Refresh Metadata Taking Ling Time

Hi, I’m very interested in this too. My team always used an attached disk storage (EBS on AWS) as data source but our goal is to move to S3 as data grow. We have now almost 400 GB of parquet partitioned data and yes, the problem you noticed is one of the biggest problems we are facing and is preventing us to move toward S3 with Dremio. If the data source is the disk, then the metadata refresh takes just a few seconds, but if we use S3 it takes 15 to 20 minutes (same data replicated on S3). Our case is even worse, since the data is updated asynchronously by other processes and can change very quickly. We also want to read the new data after a few minutes and this is not possible giving the metadata refresh delay (and during metadata refresh you should not write/read data…).
Things become weird when you modify or delete a file that already exists… Dremio by default caches locally the data from S3 so you keep getting old data from your query even if the data has been updated or removed, until you run a refresh metadata. You can of course disable the caching but this solves only the updated data case, if you delete a file from the collection you must refresh metadata as soon as possible to be sure that Dremio does not fail with a “NoSuchKeyException” when attempting to read the source object.

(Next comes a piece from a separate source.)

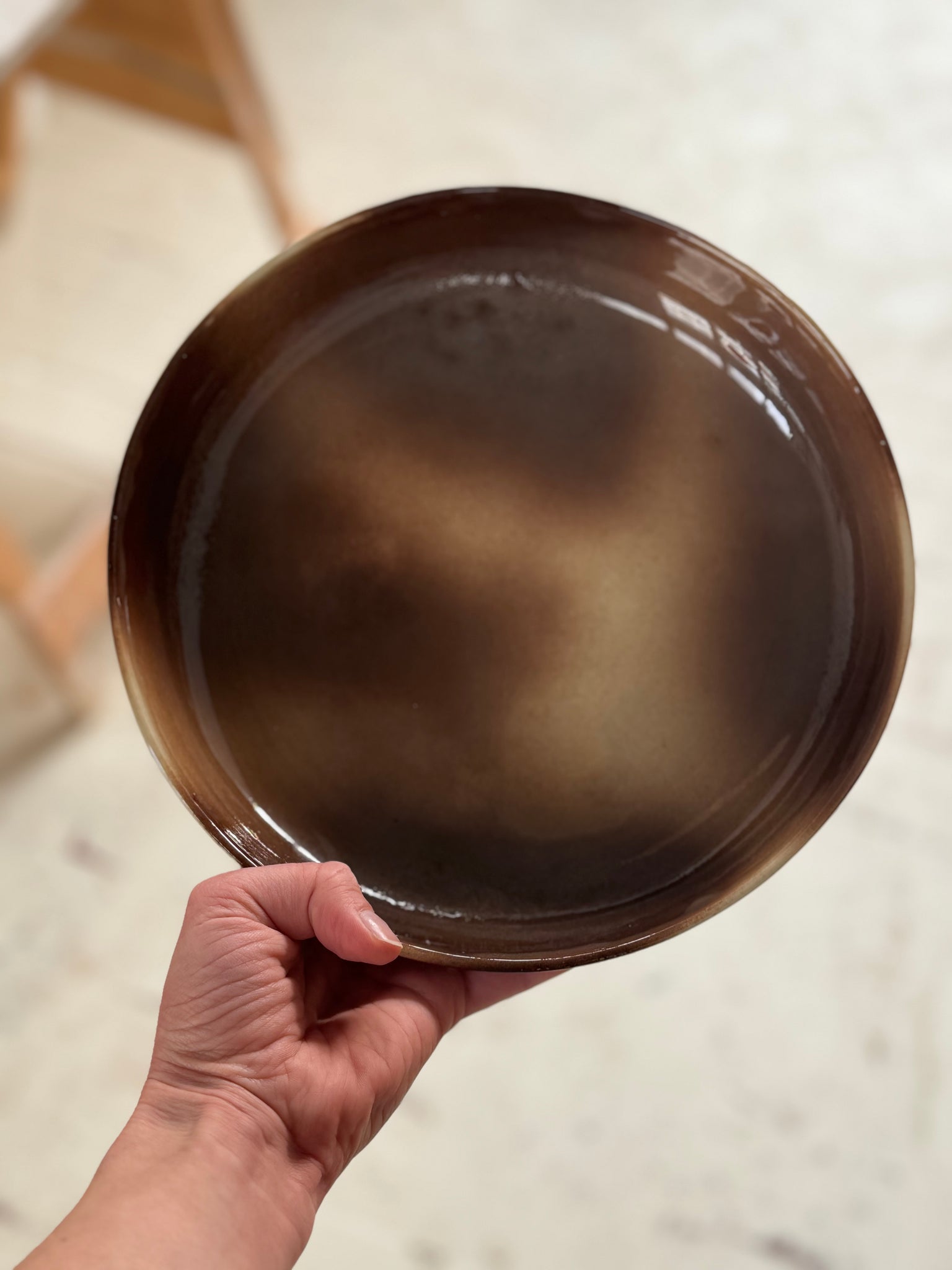 Talerz przez zbyt grubą warstwę szkliwa wpada w mleczny odcień w niektórych miejscach. Ma w niektórych punktach niedoszkliwienia. w pełni użytkowy.

I think that the functionality that Dremio is really missing is a procedure to tell the metastore what single files in the collection have been updated or removed (please someone tell me if such procedure already exists). I saw this available in other engines like PrestoSQL that we found also more resilient and coherent to data updates not showing the problems listed before (we are reconsidering it right now…). Funny thing is… yesterday I read a Dremio-Presto comparison (edited by Dremio) and Dremio seems indeed faster in many ways, but I wonder if all the caching and the strict metadata handling have a part in defining this performance difference.